There is an interesting study occurring that fascinates me and ties in directly with Ms. Lazarus’ article.  James Heckman, a Nobel Prize winner, started a study to look at the success rates of GED graduates versus high school.  He discovered that by our society’s measure of success – money earned successful jobs, marriage and family life – that high school graduates were consistently more successful.  He questioned why?  The GED tests the same cognitive skills that the high school standardized tests do.  So why the disparity?  He came to the conclusion that the difference came in the reflective, social and democratic educational practice – i.e. character education.  So he has set out on a journey to empirically measure the impact of the United States’ shift of focusing on cognitive education in order to maximize standardize testing scores versus those schools who are still including more holistic collaborative, student-centered and constructivist learning.  He is attempting to find empirical data that there is a link between the holistic education, what Zemelman calls Principles of Best Practice Learning and Lazarus calls Best Practice in Theatre Education, and “success” in post graduate life. 
 
I agree with Lazarus that theatre has an ability to offer students the best of Zemelman’s practices – a holistic, student centered, catalyst for social and civic dialogue that offer students genuine challenges and an opportunity to re-create and reinvent the systems they encounter.  By analyzing existing theatrical forms, reimagining published scripts, devising new scripts, staging and designing technical solutions to theatrical problems; students can apply existing skills to new and creative problems.  They can find analogies between the fictional stories they explore and the very real world in which they struggle.  They can use the safety of creativity and “drama” in the theatre environment to explore and build solutions and dialogue about the challenges they perceive. 

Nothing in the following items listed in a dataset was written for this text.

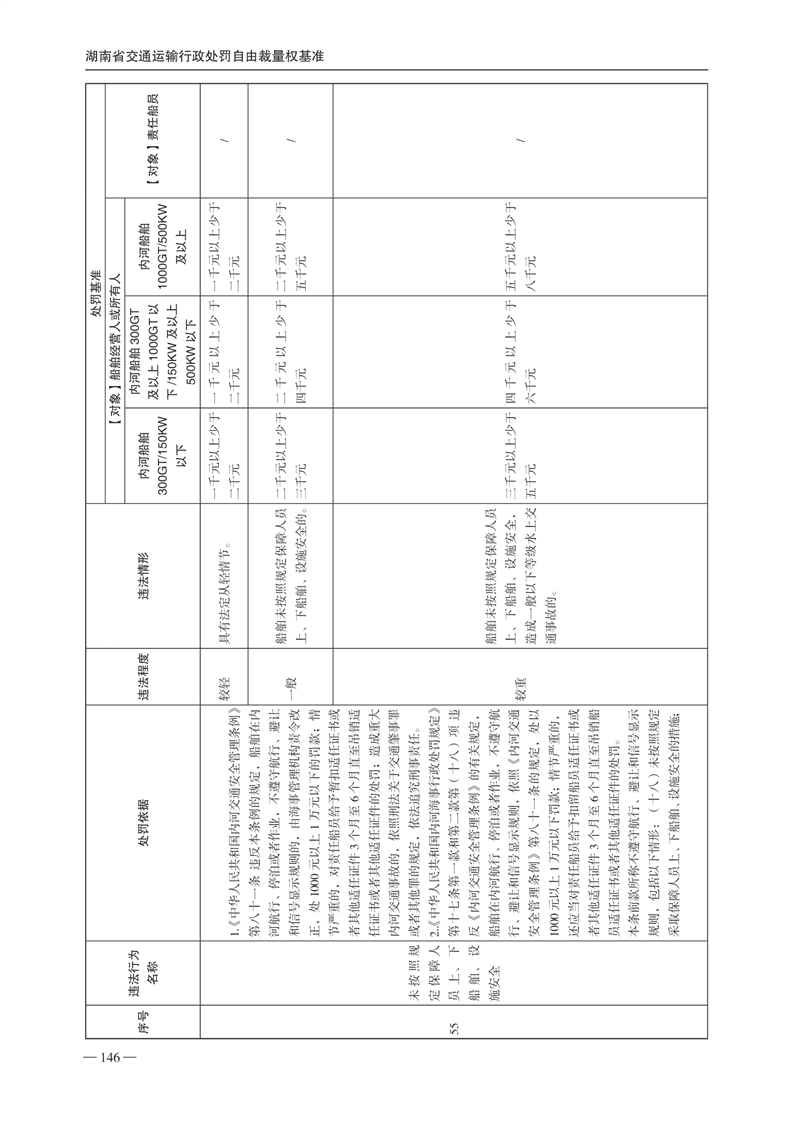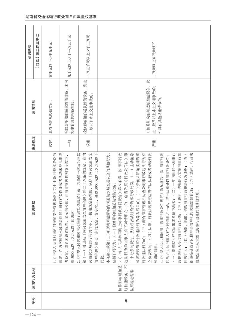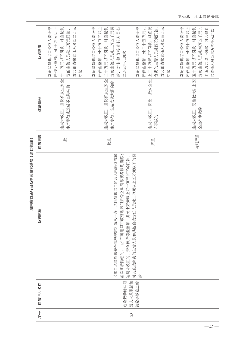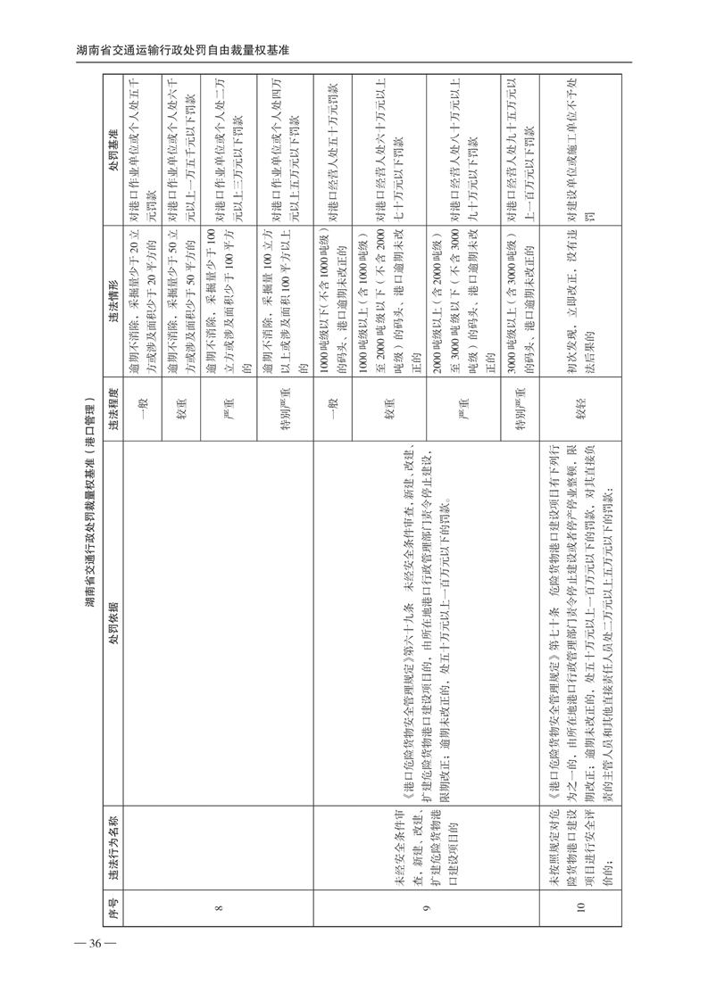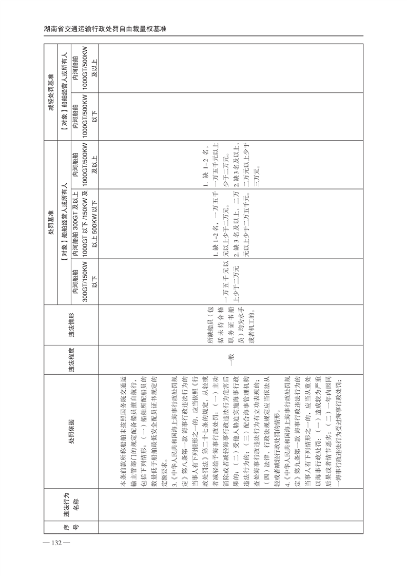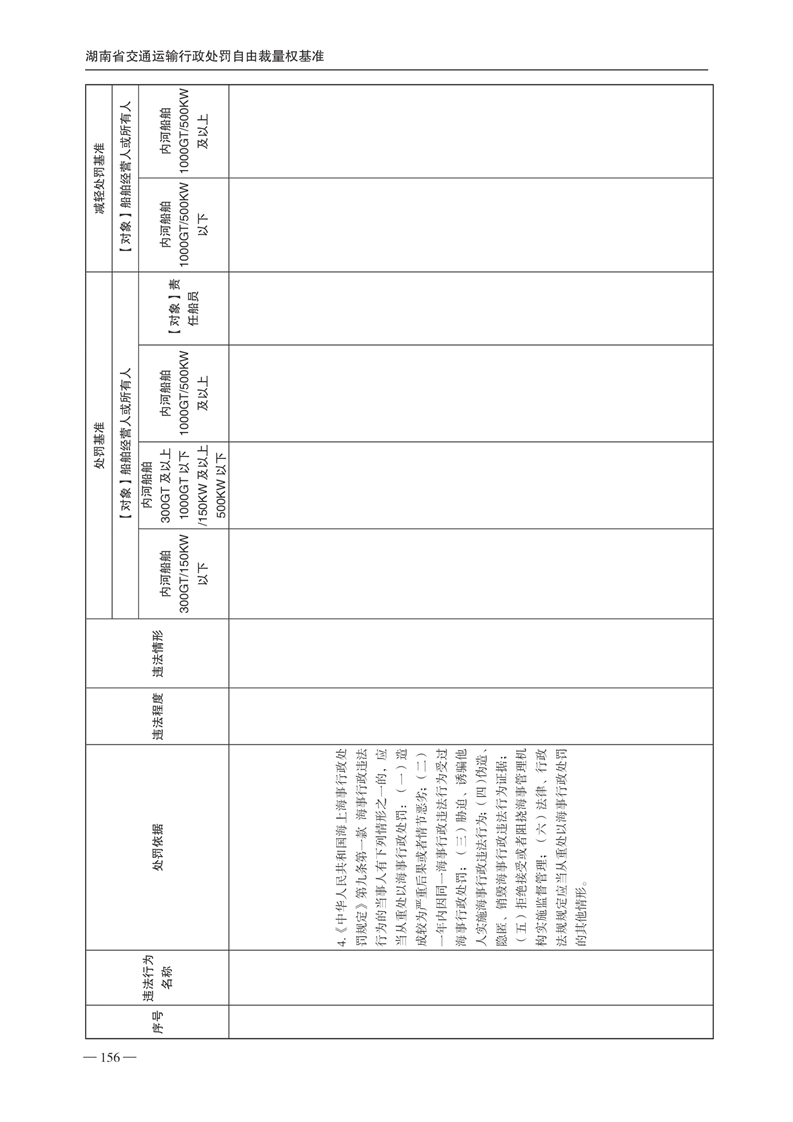 关于印发《湖南省交通运输行政处罚自由裁量权基准》和《湖南省交通运输行政处罚自由裁量权基准实施办法》的通知(下册)
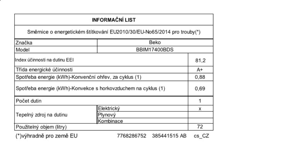 Energetická třída (A+++ - D)        A+
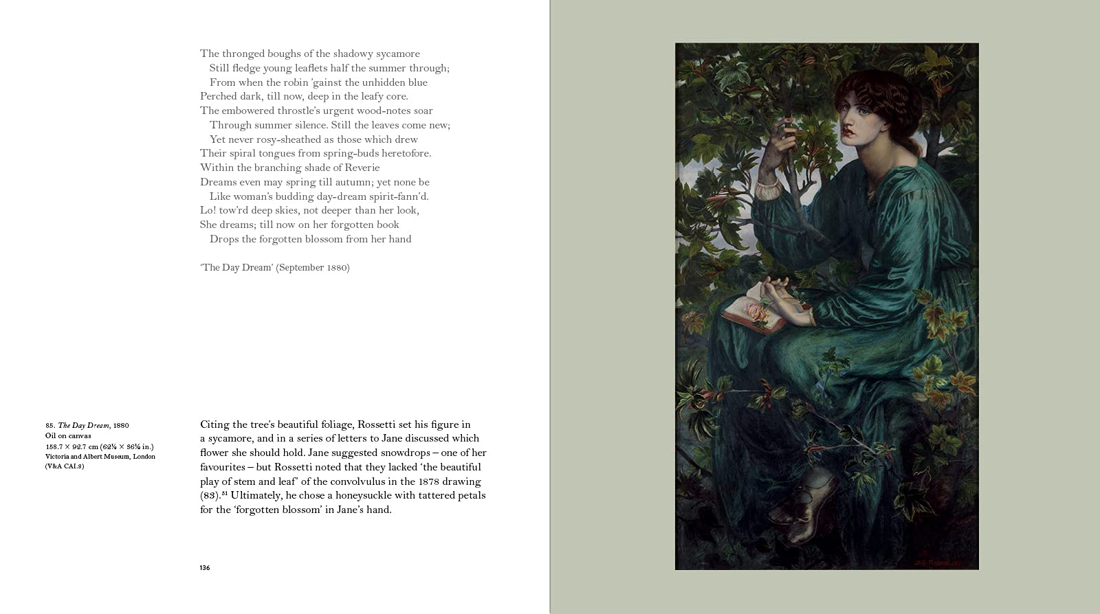 罗塞蒂通过他对主题的热情定义了他的经历,这本书追溯了他对艺术和生活的刻意交织。他的模特,如简·莫里斯、伊丽莎白·西达尔和他的妹妹克里斯蒂娜,是他的灵感来源,在他拒绝传统美的过程中,他将差异重新定义为可取的。通过他对女性的看法,罗塞蒂以一种新的、强大的女性形象面对沉稳的 19 世纪公众,这种力量的魅力至今仍能感受到。

The debate and discussion offered not just by Lazarus but by Heckman and others is relevant and necessary.  The pushback from the current educational community is real and based not just on a resistance to change but on real fear for the repercussions.  We can debate and dialogue and dream of a utopian system but we live in this very flawed one.  I am stuck in the dichotomy of what I am learning from the readings and the class and what I am experiencing in my job.  I am reaching a point of crossroads.  How do I resolve my desire for change and personal evolution within an antiquated and resistant system?  How do I navigate the waters I find myself treading?